Circular Economy in Technology: Why It Matters in 2025 - TSB Review

From Throwaway to Think Again

A few years ago, I owned a smartphone that functioned perfectly well in terms of features and performance—except for one major issue: the battery would barely hold a charge for more than three hours. Frustrated, I went to the store seeking a solution, and the clerk there advised me that repairing the battery wasn’t worth the cost or effort. Instead, they recommended I simply purchase the newest model available on the market. Reluctantly, I gave in and bought the latest phone, but as I walked home, I found myself pondering a deeper question: Why do we so often treat technology like it’s disposable and easily discarded?

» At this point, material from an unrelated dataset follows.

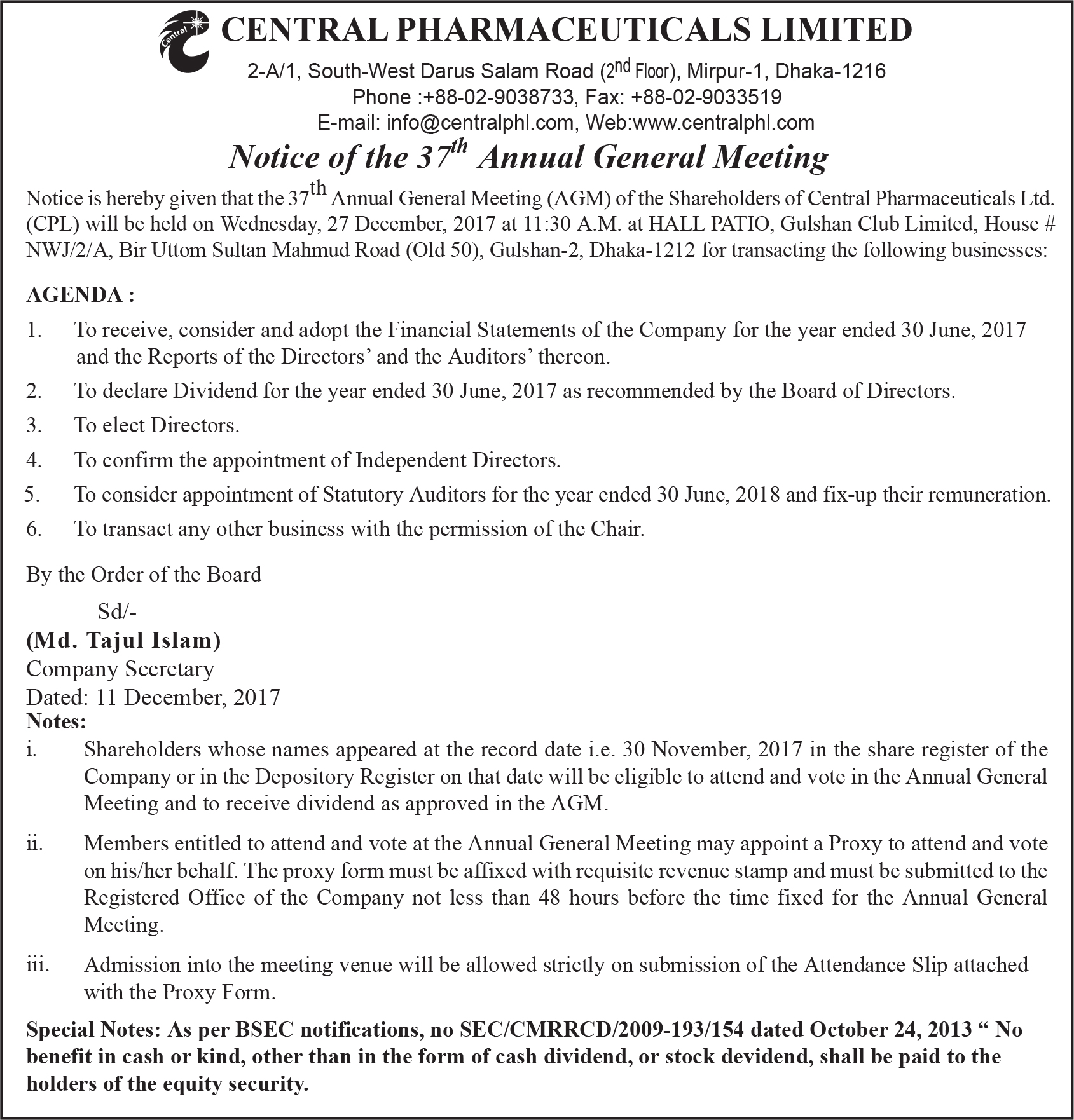 Central Pharmaceuticals Ltd. 37th AGM Notice

Circular economy in technology represented by laptop with recycling arrows

That deep frustration lies at the very core of the circular economy—a transformative vision for creating a world where electronic devices and products are thoughtfully designed to last much longer, to be easily repaired when issues arise, and ultimately to be recycled and repurposed into new products instead of being discarded and dumped as harmful toxic e-waste. This approach aims to drastically reduce environmental damage and waste accumulation by promoting sustainability and resource efficiency throughout the entire product lifecycle.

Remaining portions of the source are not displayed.